(Beginning of Information provided)

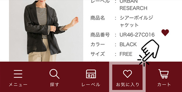 商品ページや検索結果ページに表示されているハートマークを押すと、「お気に入り」に登録されます。
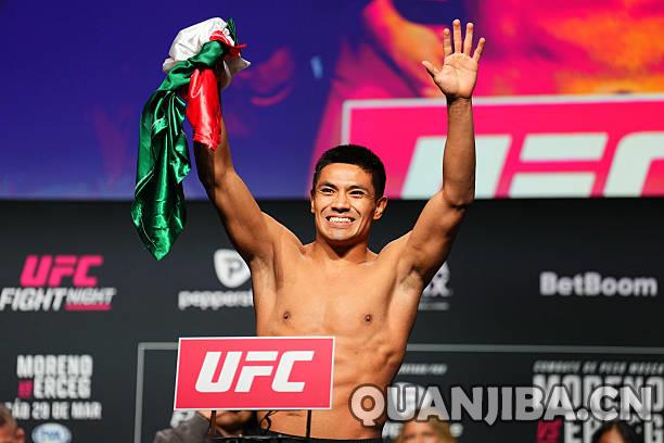比赛对阵安排: 主赛: 蝇量级比赛: 布兰登·莫雷诺(Brandon Moreno)(#2) vs 史蒂夫·埃尔切格(Steve Erceg)(#8) 轻量级比赛: 曼努埃尔·托雷斯(Manuel Torres) vs 德鲁·杜伯(Drew Dober) 中量级比赛: 凯尔文·盖斯特鲁姆(Kelvin Gastelum) vs 乔·派弗(Joe Pyfer) 雏量级比赛: 小拉乌·罗萨斯(Raul Rosas Jr.) vs 文斯·莫拉莱斯(Vince Morales) 雏量级比赛: 大卫·马丁内兹(David Martinez) vs 赛蒙·奥利维拉(Saimon Oliveira) 蝇量级比赛: 罗纳尔多·罗德里格兹(Ronaldo Rodriguez) vs 凯文·博尔哈斯(Kevin Borjas) 副赛: 蝇量级比赛: 埃德加·查雷兹(Edgar Chairez) vs CJ·维加拉(C.J. Vergara) 中量级比赛: 何塞·梅迪纳(Jose Medina) vs 阿特巴·阿贝加·戈蒂埃(Ateba Abe泰拳ga Gautier) 羽量级比赛: 克里斯蒂安·罗德里格兹(Christian Rodriguez) vs 梅尔奎扎伊尔·科斯塔(Melquizael Costa) 女子草量级比赛: 鲁皮·戈迪内兹(Loopy Godinez)(#11) vs 朱莉娅·波拉斯特里(Julia Polastri) 轻量级比赛: 拉法-加西亚(Rafa Garcia) vs 温克·皮切尔(Vinc Pichel) 羽量级比赛: 贾马尔·埃默斯(Jamall Emmers) vs 加布里埃尔·米兰达(Gabriel Miranda) 轻量级比赛: 马奎尔·梅德罗斯(MarQuel Mederos) vs 奥斯汀·哈伯德(Austin Hubbard)
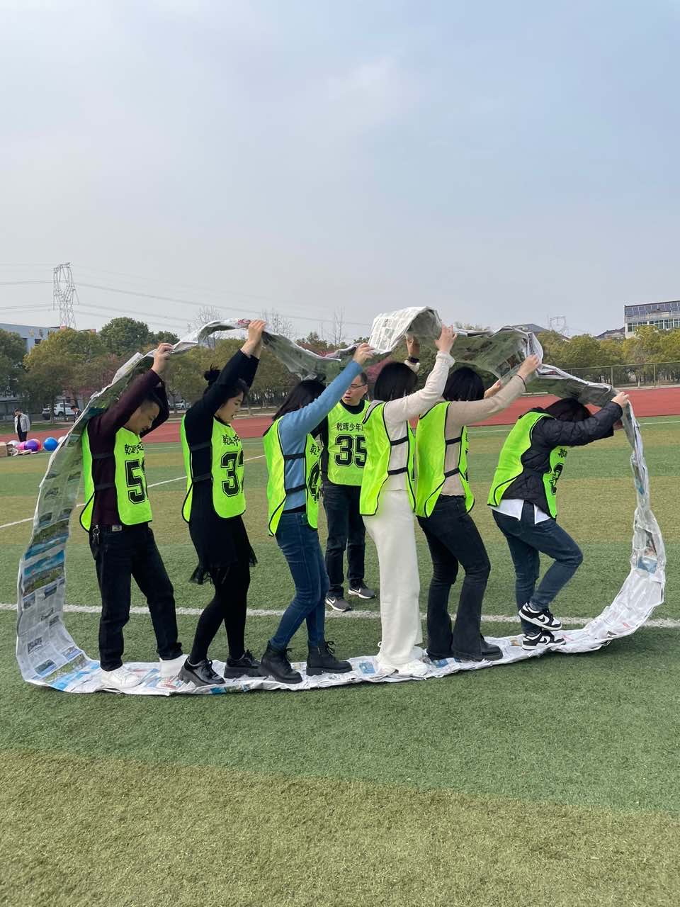 在“心往一處想,力往一處使”的“無敵風火輪”游戲中,每隊將報紙粘貼到一起,做成一個大紙圈,老師們充分發(fā)揮團隊合作精神制作穩(wěn)固的“風火輪",隨著“1、2、1、2”的口號聲,老師們努力邁向勝利的終點,體現(xiàn)了教師隊伍的良好協(xié)作。

(End of Information provided)

§ **What you have to do**:
Down to the last line, reproduce the material above exactly; skip its images.

§ **Answer box**:
 商品ページや検索結果ページに表示されているハートマークを押すと、「お気に入り」に登録されます。
比赛对阵安排: 主赛: 蝇量级比赛: 布兰登·莫雷诺(Brandon Moreno)(#2) vs 史蒂夫·埃尔切格(Steve Erceg)(#8) 轻量级比赛: 曼努埃尔·托雷斯(Manuel Torres) vs 德鲁·杜伯(Drew Dober) 中量级比赛: 凯尔文·盖斯特鲁姆(Kelvin Gastelum) vs 乔·派弗(Joe Pyfer) 雏量级比赛: 小拉乌·罗萨斯(Raul Rosas Jr.) vs 文斯·莫拉莱斯(Vince Morales) 雏量级比赛: 大卫·马丁内兹(David Martinez) vs 赛蒙·奥利维拉(Saimon Oliveira) 蝇量级比赛: 罗纳尔多·罗德里格兹(Ronaldo Rodriguez) vs 凯文·博尔哈斯(Kevin Borjas) 副赛: 蝇量级比赛: 埃德加·查雷兹(Edgar Chairez) vs CJ·维加拉(C.J. Vergara) 中量级比赛: 何塞·梅迪纳(Jose Medina) vs 阿特巴·阿贝加·戈蒂埃(Ateba Abe泰拳ga Gautier) 羽量级比赛: 克里斯蒂安·罗德里格兹(Christian Rodriguez) vs 梅尔奎扎伊尔·科斯塔(Melquizael Costa) 女子草量级比赛: 鲁皮·戈迪内兹(Loopy Godinez)(#11) vs 朱莉娅·波拉斯特里(Julia Polastri) 轻量级比赛: 拉法-加西亚(Rafa Garcia) vs 温克·皮切尔(Vinc Pichel) 羽量级比赛: 贾马尔·埃默斯(Jamall Emmers) vs 加布里埃尔·米兰达(Gabriel Miranda) 轻量级比赛: 马奎尔·梅德罗斯(MarQuel Mederos) vs 奥斯汀·哈伯德(Austin Hubbard)
 在“心往一處想,力往一處使”的“無敵風火輪”游戲中,每隊將報紙粘貼到一起,做成一個大紙圈,老師們充分發(fā)揮團隊合作精神制作穩(wěn)固的“風火輪",隨著“1、2、1、2”的口號聲,老師們努力邁向勝利的終點,體現(xiàn)了教師隊伍的良好協(xié)作。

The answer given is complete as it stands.